We already know that UK consumers spent a record £4.5 billion on online retail last month. The shift of retail spend online presents some obvious challenges to high street retailers: the costs of staff and premises alone means they are generally unable to compete with the web on price alone. Of course, there are strategies they can use to continue to win business even so - I can buy glasses online but I can't try them on, I can buy a computer online but I can't weigh it in my hand or see how it fits in my rucksack. The high street still has a competitive advantage when it comes to trying products out.

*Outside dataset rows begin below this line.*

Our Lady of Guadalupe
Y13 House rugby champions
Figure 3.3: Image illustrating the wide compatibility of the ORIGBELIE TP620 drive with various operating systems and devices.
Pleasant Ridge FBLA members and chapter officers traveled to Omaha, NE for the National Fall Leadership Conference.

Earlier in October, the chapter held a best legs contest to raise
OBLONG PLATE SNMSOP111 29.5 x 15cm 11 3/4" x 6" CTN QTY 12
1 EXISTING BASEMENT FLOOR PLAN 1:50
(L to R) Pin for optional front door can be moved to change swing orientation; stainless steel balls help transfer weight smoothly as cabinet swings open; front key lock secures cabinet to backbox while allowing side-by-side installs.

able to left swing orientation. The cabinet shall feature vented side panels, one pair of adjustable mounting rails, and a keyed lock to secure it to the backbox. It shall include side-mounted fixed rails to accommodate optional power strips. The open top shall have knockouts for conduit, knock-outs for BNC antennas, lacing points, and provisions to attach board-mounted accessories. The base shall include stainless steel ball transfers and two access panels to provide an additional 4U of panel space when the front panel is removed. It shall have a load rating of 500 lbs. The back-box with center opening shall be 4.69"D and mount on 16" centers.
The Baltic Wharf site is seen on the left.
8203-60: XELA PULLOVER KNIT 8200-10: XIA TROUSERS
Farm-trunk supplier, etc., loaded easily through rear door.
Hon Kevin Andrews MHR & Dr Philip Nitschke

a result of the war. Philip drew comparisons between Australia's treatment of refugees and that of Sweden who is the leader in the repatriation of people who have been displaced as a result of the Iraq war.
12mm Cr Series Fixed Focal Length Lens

Given that this represents one of the very few competitive advantages they have left I was therefore astounded to find myself in PC World yesterday forbidden from even picking up an Asus EEE to see how much it weighed, or indeed even glimpsing the battery that would constitute much of its weight during day to day use. Apparently PC World (the one on Kensington High Street about whose ludicrously overzealous security my colleagues at Thisismoney wrote so scathingly earlier in the year) has suffered a lot of thefts, and no longer lets people take the computers from behind their screens.

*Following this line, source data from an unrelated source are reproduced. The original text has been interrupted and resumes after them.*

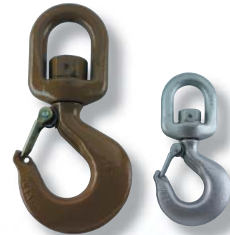
Swivel Hook - SH
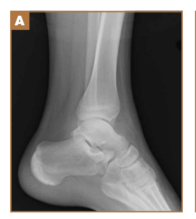
Figure 1. (A) Lateral radiograph shows a cystic mass, located at the dorsal aspect of the talar neck. (B) Anteroposterior radiograph shows normal findings.

A 13-year-old boy presented to our clinic 3 months after a right ankle sprain. He had visited the emergency department
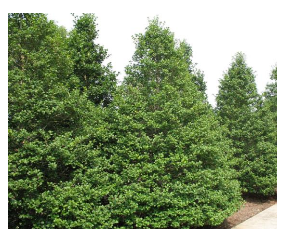
Figure 6. American holly (Ilex opaca).

The only evergreen on my list, American holly has several ecologically valuable traits (Figure 6). Its dense, evergreen branches provide great nesting and cover sites for birds. The flowers provide both nectar (female flowers) and pollen (male flowers) to pollinators (Encyclopedia of Life). In addition, the berries, though not highly nutritious (Encyclopedia of Life), are a valuable source of food for overwintering birds.
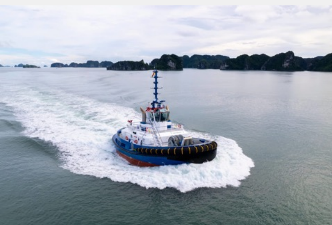
RSD2513 YN515011-50 (40 ships) (2020-now)

CUSTOMER: Damen Gorinchem TYPE: Tugboat 23m TYPE OF WORK: Newbuild SCOPE OF SUPPLY: Switchboard package & consoles
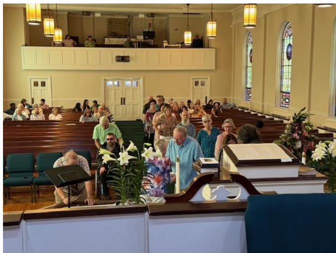
Easter Sunday 2025
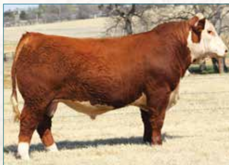
MCS 49B CONQUISTADOR 1606 • Full brother to Lot 56
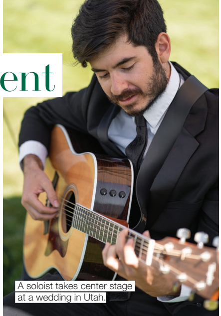
A soloist takes center stage at a wedding in Utah.
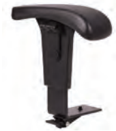
KR-300 Contoured arm pads Tallest height and width adjustable
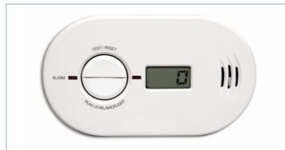
A Common Home CO Detector

Since carbon monoxide is colorless, odorless, and tasteless, the best way to alert your family is to install a carbon monoxide detector/alarm to warn of the gas's build-up.

Logically, I understand that high street retailers will face a vicious circle of thefts as more and more retail moves online and shoplifters are left with fewer and fewer options. Covering the costs of petty thefts that their online competitors do not have to face is only going to make their margins lower or their prices even less competitive. But the solution to this - a shop which actively works to prevent its customers from handling the merchandise - is just a different road to ruin. If I can't usefully touch the PCs in PC World, I may as well do all my research and buying online.